In determining the scope of contractual obligations, the reasonable expectation of the parties is a factor to be considered. Indeed, “[a]ny interpretation of an insurance contract implicates as a standard ‘the reasonable expectation and purpose of the ordinary businessman when making an ordinary business contract’ ” (Matter of Midland Ins. Co., 269 AD2d 50, 59 [2000], quoting Atlantic Cement Co. v Fidelity & Cas. Co., 91 AD2d 412, 418 [1983], affd 63 NY2d 798 [1984]). Thus, courts must interpret a contract so as to give meaning to all its terms. “The reason is clear. Since a contract is a voluntary undertaking, it should be interpreted to give effect to the parties’ reasonable expectations” (Mionis v Bank Julius Baer & Co., 301 AD2d 104, 109 [2002]). In that regard, it cannot be seriously argued that in negotiating the lease, Seward and Ulltra, and by extension, MMO, Ulltra’s insurance carrier, contemplated that Ulltra would bear the responsibility for damages arising out of the collapse of Seward’s garage roof.

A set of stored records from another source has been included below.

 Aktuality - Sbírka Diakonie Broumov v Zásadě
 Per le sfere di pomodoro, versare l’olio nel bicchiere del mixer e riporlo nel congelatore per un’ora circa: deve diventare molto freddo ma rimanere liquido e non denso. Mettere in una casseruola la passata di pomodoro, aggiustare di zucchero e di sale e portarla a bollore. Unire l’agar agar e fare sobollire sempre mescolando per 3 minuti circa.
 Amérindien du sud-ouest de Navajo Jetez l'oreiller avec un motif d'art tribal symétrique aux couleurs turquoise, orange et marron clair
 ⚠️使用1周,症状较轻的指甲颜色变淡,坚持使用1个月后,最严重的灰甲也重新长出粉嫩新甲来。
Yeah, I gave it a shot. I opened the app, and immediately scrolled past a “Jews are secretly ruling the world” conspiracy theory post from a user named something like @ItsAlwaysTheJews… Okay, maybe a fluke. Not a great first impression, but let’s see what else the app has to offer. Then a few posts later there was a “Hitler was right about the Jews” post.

Consistent with that apportionment of responsibility, MMO’s endorsement No. 11 limited the scope of additional insured coverage to liability arising out of Ulltra’s garage operations, which are defined in endorsement No. 3. While it might reasonably be anticipated that an insurer would expect its policy to provide additional insured coverage to a general contractor or owner for injuries sustained by the named insured’s employee in a construction site accident, the same cannot be said with respect to a building owner under a comprehensive general liability policy endorsed to provide garage keepers liability coverage for a structural collapse. Since the liability for the damage to the parked cars, at the nub of this coverage issue, arose out *51of the structural maintenance of the demised premises, the responsibility for which, under the lease, was reserved to Seward, rather than out of Ulltra’s “garage operations,” the additional insured endorsement was never triggered.
We have considered the other issues raised and find that they are without merit.

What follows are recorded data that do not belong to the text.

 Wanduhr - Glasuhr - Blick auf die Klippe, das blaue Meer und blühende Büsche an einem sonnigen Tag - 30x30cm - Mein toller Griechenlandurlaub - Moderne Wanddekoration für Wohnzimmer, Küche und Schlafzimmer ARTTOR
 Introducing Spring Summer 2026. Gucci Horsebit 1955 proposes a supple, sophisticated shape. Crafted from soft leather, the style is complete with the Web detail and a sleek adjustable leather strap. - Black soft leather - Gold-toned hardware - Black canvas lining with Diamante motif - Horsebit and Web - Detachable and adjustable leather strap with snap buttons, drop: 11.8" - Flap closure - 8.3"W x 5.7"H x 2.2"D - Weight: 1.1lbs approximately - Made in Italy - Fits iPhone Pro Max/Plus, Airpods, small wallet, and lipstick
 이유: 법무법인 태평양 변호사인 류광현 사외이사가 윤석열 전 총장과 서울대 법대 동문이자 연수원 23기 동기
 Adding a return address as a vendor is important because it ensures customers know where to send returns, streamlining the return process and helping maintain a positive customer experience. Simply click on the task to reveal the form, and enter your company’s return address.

Accordingly, the order of the Supreme Court, New York County (Marylin Diamond, J.), entered April 12, 2002, which, in this declaratory judgment action, upon the parties’ respective motions for summary judgment, granted plaintiffs motion and declared in its favor, and denied defendant’s cross motion, should be reversed, on the law, with costs and disbursements, plaintiffs motion denied, defendant’s cross motion granted and a declaration made that defendant has no obligation to defend or indemnify Seward in connection with the underlying claims.
Nardelli, J.P., Saxe and Williams, JJ., concur.
Order, Supreme Court, New York County, entered April 12, 2002, reversed, on the law, with costs and disbursements, plaintiffs motion, denied, defendant’s cross motion granted and a declaration made that defendant has no obligation to defend or indemnify the owner of the building in connection with the underlying claims.